Viking, 464 pages, $27
“The Trespasser” — what proves to be a clever title — is the latest in an illuminating, mysterious, ever-changing “series,” set in Dublin, Ireland, by an author/actress who has lived in Ireland for a long time. Let’s unpack that information. Tana French has written five prior books. After the first book, “In the Woods,” each book featured a subsidiary character from one of the prior books. The connection is that the characters are all Dublin Murder Squad detectives. To the best of my memory, each book has a first-person narrative, so there is a variety of voices: men, women, younger, older, from different social, economic, and educational levels. I’m guessing her acting ear and eye acutely capture the nature of whatever form her central character takes.
Also, the tenor of her books varies. That’s a hard one to pull off, too. French’s focus isn’t necessarily just on who committed the murder, it is also about the mystery of life, nature, and the spiritual. Supernatural or mythical elements are sometimes hinted at, sometimes poetically envisioned. For instance, “The Secret Place” has some fantastical elements. However, “Faithful Place” has both feet in the everyday, but not ordinary, world. “The Trespasser” also is grounded, captured by French’s transcendent language. Her books range from depicting a world of the poor, betrayed by Ireland’s financial crisis, to the world of the elite in a boarding school. French seems at home in each.

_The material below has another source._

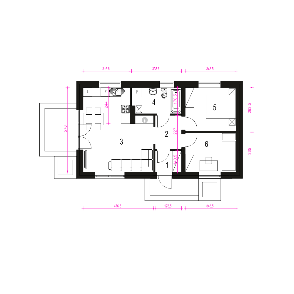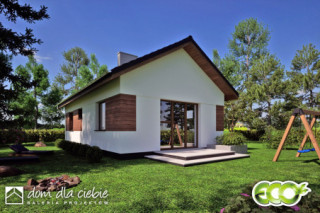 Nika - mały projekt domu dla 3 osób.fundamenty: BETONOWE ściany zewnętrzne: POROTHERM+STYROPIAN TERMO ORGANIKA ściany wewnętrzne: POROTHERM strop nad parterem i konstrukcja dachu: wiązary prefabrykowane MITEK elewacje: TYNK STRUKTURALNY, OKŁADZINY pokrycie dachu: DACHÓWKA CERAMICZNA

I also found this quote an interesting insight into French’s writing. From an interview with the British newspaper, The Guardian, in 2014, French said: “I like writing about those big turning points in a character’s life, those crossroads where you know that whatever you choose, life is going to be defined by it.” It is remarkably apt for “The Trespasser.”
In “The Secret Place,” French’s last book, Murder Squad-wannabe Stephen Moran took the lead voice as he assisted detective Antoinette Conway. This time around, eight months after events of “The Secret Place,” detectives Moran (yes, he was promoted) and Conway catch what appears to be an open-and-shut domestic violence murder, and the action is seen through Conway’s eyes.

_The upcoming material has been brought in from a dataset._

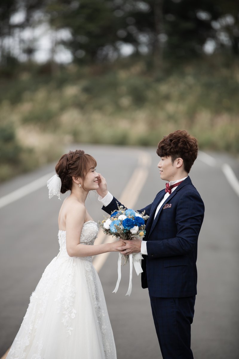 還記得第一眼看到Joe老師,是種很Free & Rock的個性(Yo man那種),很感謝Joe老師知道了我們想拍的路線跟感覺,很肯定的建議我們更換禮服,我們很擔心三套都白紗會不會太類似,還好Joe老師當天把三套白紗拍出完全不一樣的感覺,Joe老師真的很專業,靈感不斷湧現,我們完全就是跟隨老師的引導就拍到了我們當初溝通想法的感覺,再加上自己想要的動作姿勢,這次的拍攝真的完美,而且Joe老師竟然可以接受我們安插半途看到想拍的場景,讓我們自由發揮,拍好拍滿,包車時間總共9小時,沒錯!就是因為這樣所以看到毛片非常滿意,很期待相本印製的成品。

We quickly learn about the tight connection between Conway and Moran and also about Conway’s discomfort in the squad. Before Moran, she was the newest member and felt shunned. She has a hair-trigger temper, a loner mentality (breached sometimes only by Moran), a prickly nature, and a different view of the world. Stuck on the night shift, Conway and Moran catch a last-minute call-out. The body of Aislinn Murray, a young, attractive, single woman, has been found, her head apparently bashed in both by a strike to her face and a fall on her hearth.
Her nervous suitor, Rory Fallon, had been invited to Aislinn’s home for dinner the night before. He got no answer when he rang the doorbell and so he walked home, he says. Slam-dunk, says the seasoned Garda detective, Don Breslin, assigned to them as a watchdog/mentor. Book him, he urges. Conway and Moran are on the same wavelength, and there are enough little signs that they decide to provide a heartier investigation. Because the squad already views them disdainfully, they begin to carry on their inquiries surreptitiously.
Although they work well together, the cracks appear in Conway and Moran’s relationship and the detective partnership may not survive the stress of where Aislinn’s story may take them. Conway hates “what if” scenarios and Moran likes to speculate and follow those threads. Conway has her own personal demons, which are revealed in sometimes surprising fashion. (Love that about French’s plotting!)
French creates wonderful suspects and witnesses who bloom as the story goes along. None of them should be taken at face value. The early part of the book pretty much lulls us along on a standard plotting route, although French’s writing prevents it from slipping into the doldrums. Dead woman, suspicious suitor, crazy friend, dysfunctional family life, pressure to close the case. But wait, there’s much, much more. For a moment, assume that the suspicious suitor is not nervous because he murdered Aislinn. Assume the crazy friend is not crazy. Given her ordinary demeanor and attitude up until just a couple of years ago, what turned Aislinn into a beauty and femme fatale? Ah, now French is off and running.
Here are samples of French’s never-dull writing:
“Me and my partner are finishing up another night shift, the kind I used to think wouldn’t exist on the Murder Squad: a massive scoop of boring and a bigger one of stupid, topped off with an avalanche of paperwork.”
and
“I get a sudden nasty feeling like the trees behind us have snapped together and come down, with a silent roar and a smash of branches, onto the spot where we were parked.”
and
“The computers and the whiteboard and the floaters billow and shrink around the edges like thin fabric under water, drifting father away all the time.”
It’s a Tana French party and you are invited.
MBTB star!
P.S. So the game is to guess who the next lead character will be. I nominate Fleas, Conway’s former police academy mate who is now an undercover agent.